Jack: “Maybe you’re right, Jeeny. Maybe we need both. The artist and the salesman. The dream and the distribution. Maybe the trick is not letting one devour the other.”
Jeeny: “Yes. To sell without selling out.”
Jack: “To create something beautiful, then find a way to make it heard.”
Host: The rain had stopped now. A single drop slid down the glass, catching the streetlight like a tear of light. The city was quiet, as if the debate itself had calmed its pulse.

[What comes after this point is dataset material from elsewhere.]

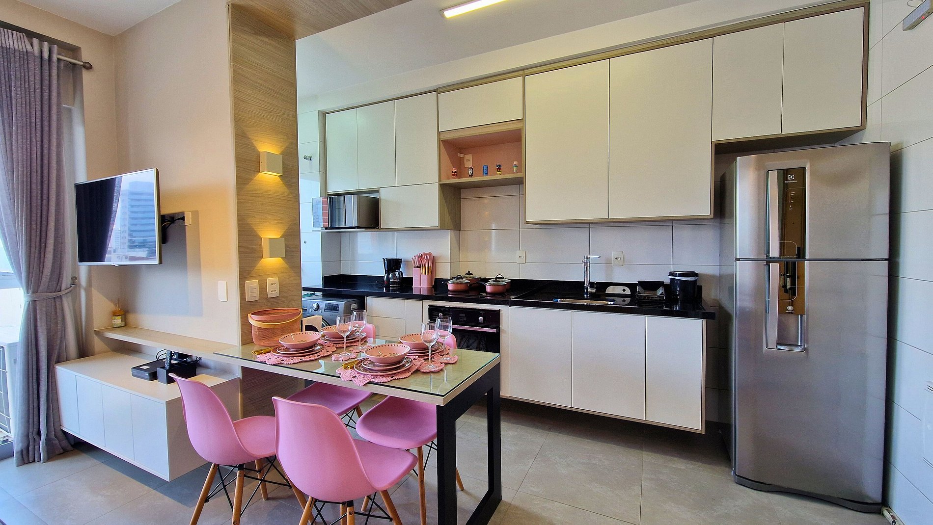 Com cama de casal padrão, sofá superconfortável e ambiente moderno, o apê oferece praticidade e uma localização excelente no coração do Boqueirão.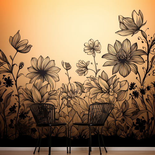 a hand drawn metallic gold on black wallpaper, flat image, no furniture or other elements besides wallpaper, dimension is panoramic, design should be seamless meaning you could attach the right side to the left and it would create a continous design, the design should be tropical flowers and foliage, palm fronds leaves, monsteras, plumerias, bird of paradise plants, taro plants, add some coffee berries to the stems of some of the foliage, nothing but flowers and foliage should be in the design

Jeeny: “Maybe Ogilvy wasn’t cynical, after all. Maybe he was just warning us — that creativity is a flame, and commerce is the lantern. Without one, the other is either blind or burned.”
Jack: “Then maybe the real art is learning how to carry both — the fire and the glass — without shattering either.”
Host: The clock struck midnight. The café lights dimmed. Jack and Jeeny sat in silence, the echo of their conversation lingering like the aftertaste of truth. Outside, the streets gleamed — not with gold, but with reflection.